When I was very small, a beast took up residence inside me. I can’t say where exactly. At first, his presence was only a common childish fear of the water. He was unobtrusive. He was easy to appease: I never went out beyond my knees at the beach and I faked a well-timed flu each March on the day of the swimming carnival.
As I grew, so did my beast. Every time I refused to get in the pool; every time I opted to walk along the sand while the others sploshed in the froth; every time my Dad tried to carry me out beyond my depth to feel the surge of the surf from the safety of his arms and I squirmed and kicked out of terror rather than gleeful protest, my beast gained strength and settled in. He sensed I was unlikely to put up a fight and so he went from pesky tenant to immovable squatter.
He set to work convincing me that water was sinister, malevolent. Specifically, he was of the opinion that there was nothing more dangerous or unnatural, than submerging my face. For thirty years now I’ve let my secret beast have things his way.

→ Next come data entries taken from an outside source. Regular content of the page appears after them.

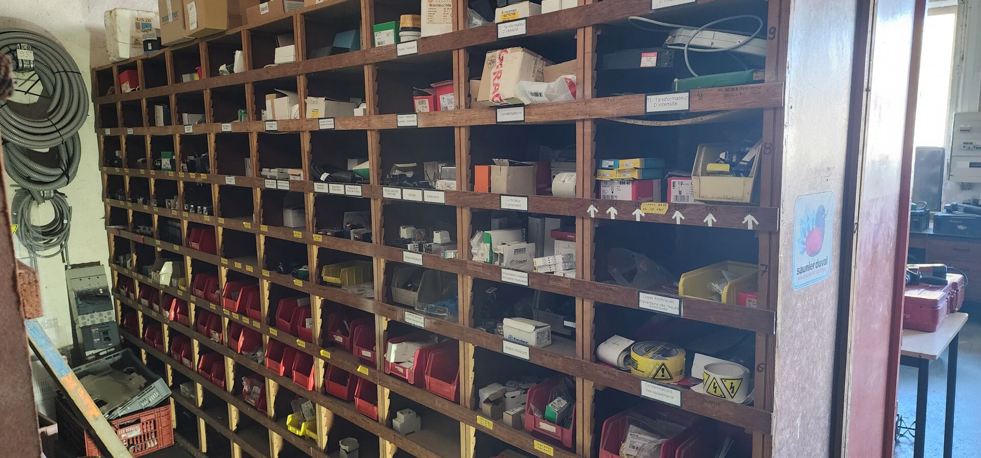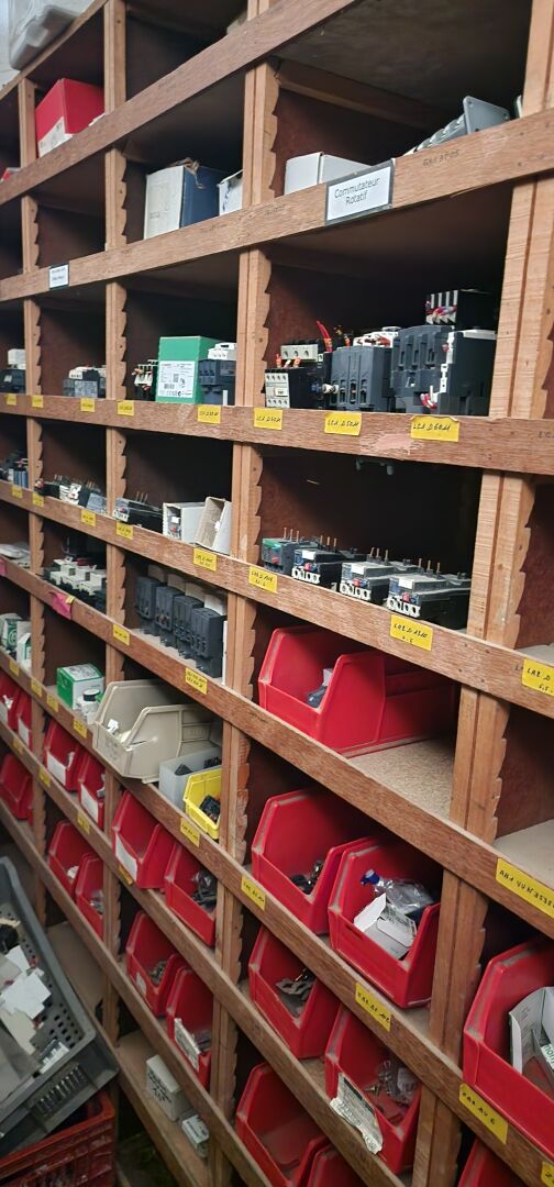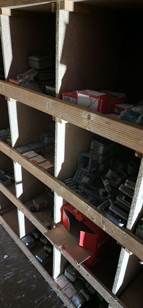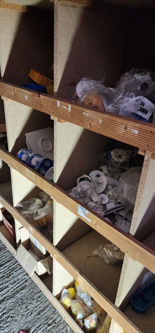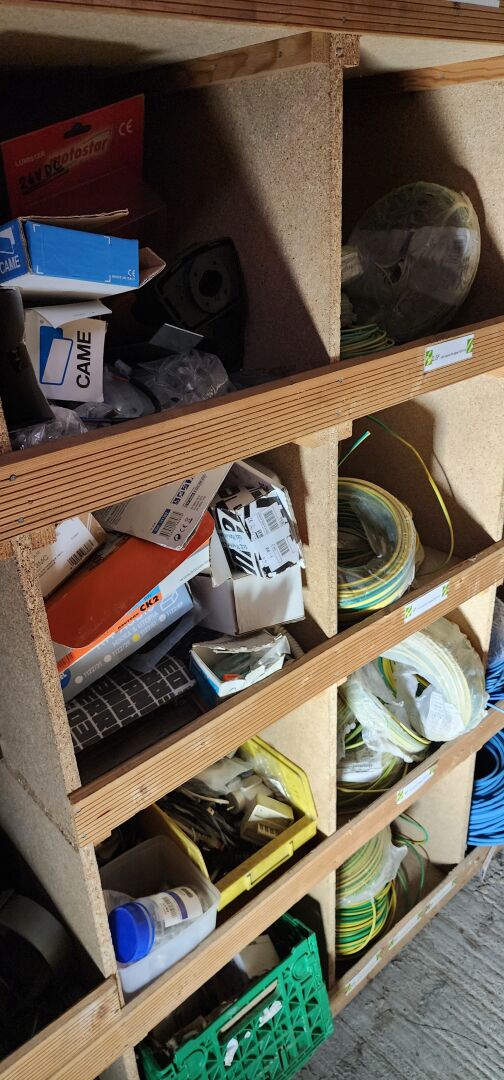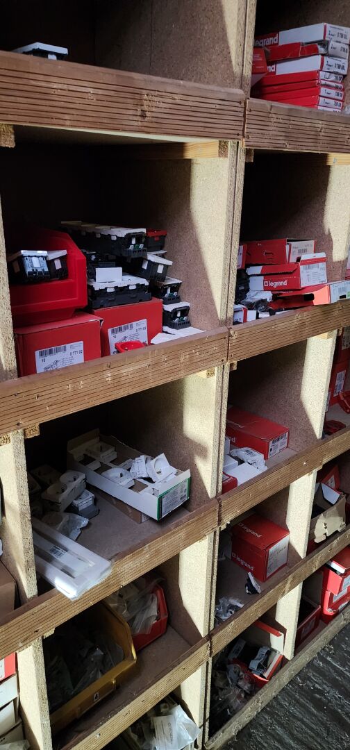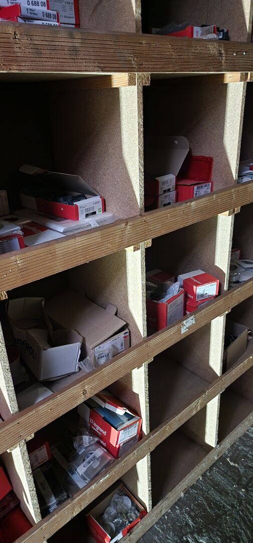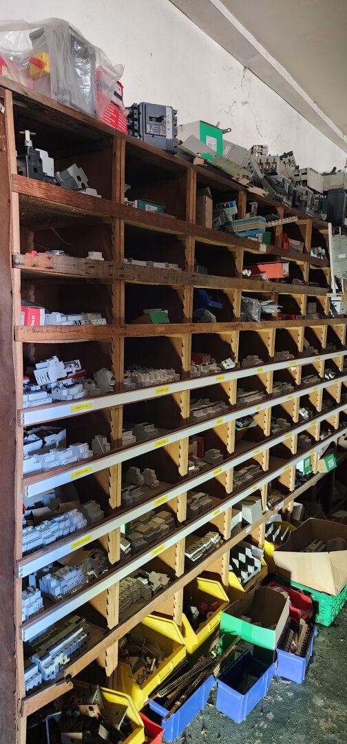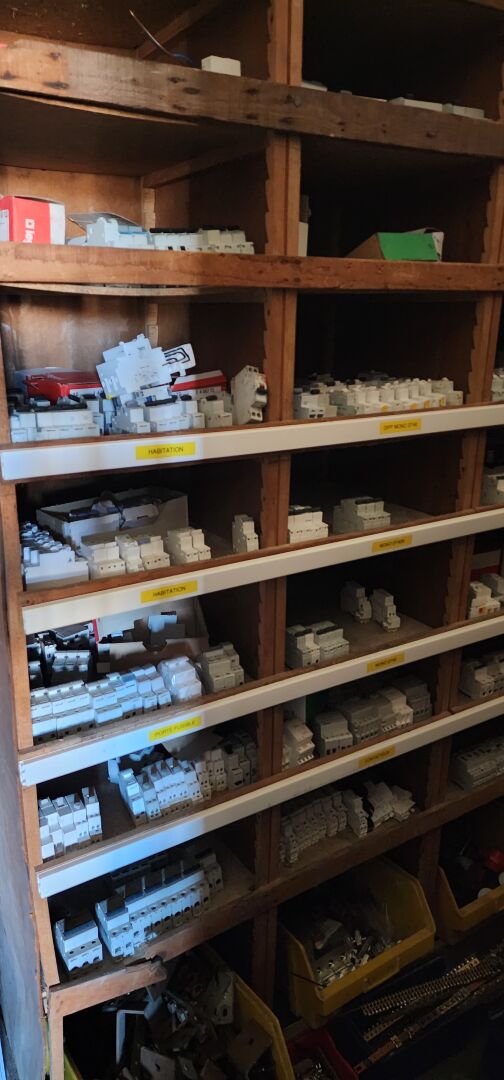 Le contenu de 9 étagères bois à cases comprenant : disjoncteurs et accessoires dont LEGRAND , SCHNEIDER etc..., porte-fusibles, rouleaux de fils électriques différents diamètres, fusibles différents ampérages, bornes, cosses pour cuivre, gaines thermorétractables, ampoules diverses dimensions et puissances, barrettes électriques, starters, blocs prises, raccords passe-câbles, boitiers de dérivation, prises électriques classiques et triphasées, douilles, lot de quincaillerie diverse dont chevilles, vis etc... notamment LEGRAND et SCHNEIDE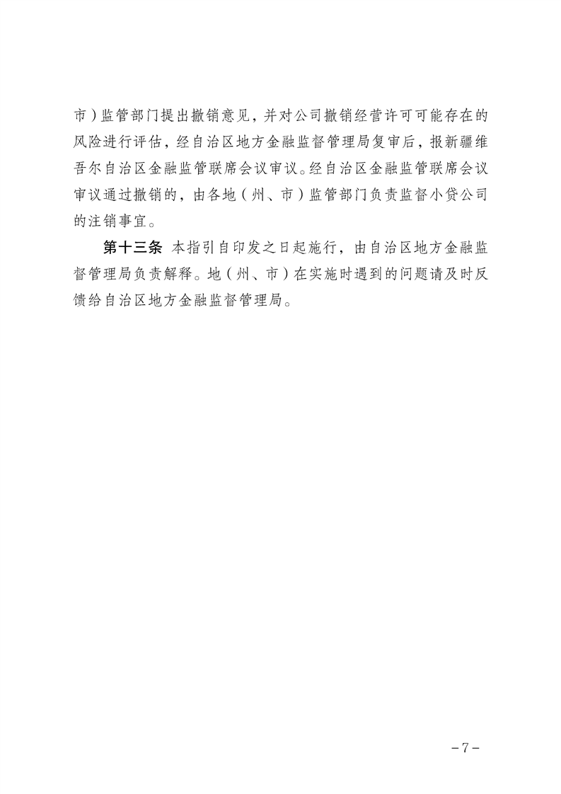 新疆维吾尔自治区小额贷款公司减少注册资本及撤销经营许可工作指引(试行)
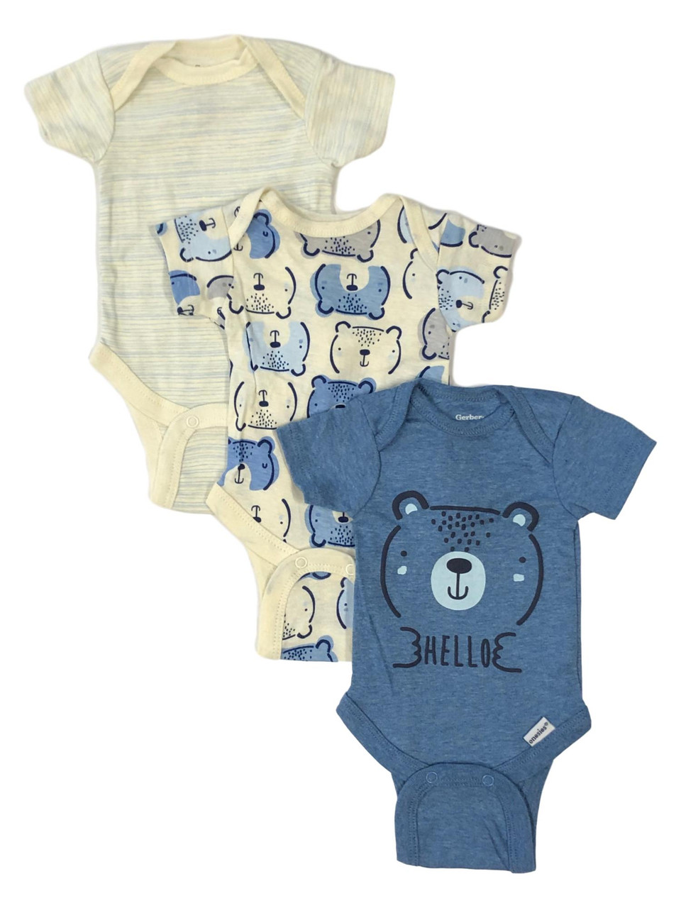 - Gerber Infant Boys 3pc Organic Cotton Hello Bear Bodysuits Baby Outfit Preemie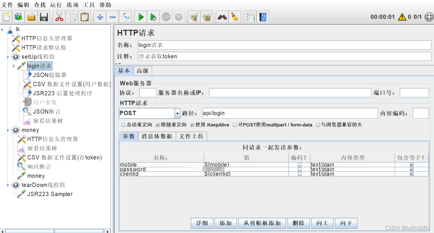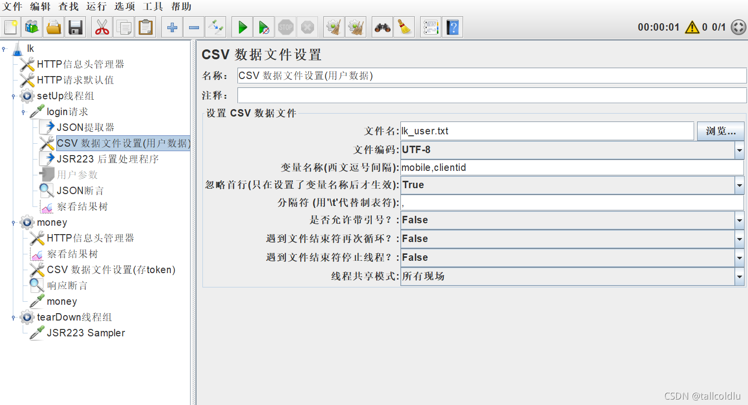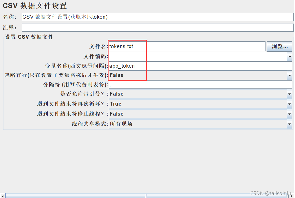 2、创建Http请求,通过配置元件CSV数据文件设置,读取本地txt文件,进行参数化请求

An offshoot of aquaphobia, my fear of getting my face wet has been a source of humiliation for as long as I can remember. Imagine. A thirty-year-old Australian who has never willingly put her face in the water, never learned to paddle, to kick, to stroke. I had tried to float on my back on occasion, but I felt the water lapping at the base of my skull and a few seconds was all I could manage.
When I reveal the truth to anyone, which is rare, the first question is where did the fear come from? I still can’t answer that. Apparently I witnessed my sister almost drown when I was very young although I don’t remember it. I’m not sure how much truth is in this particular instalment of the Nelson Family Chronicles but I have leaned on it heavily as an excuse if people ever probe.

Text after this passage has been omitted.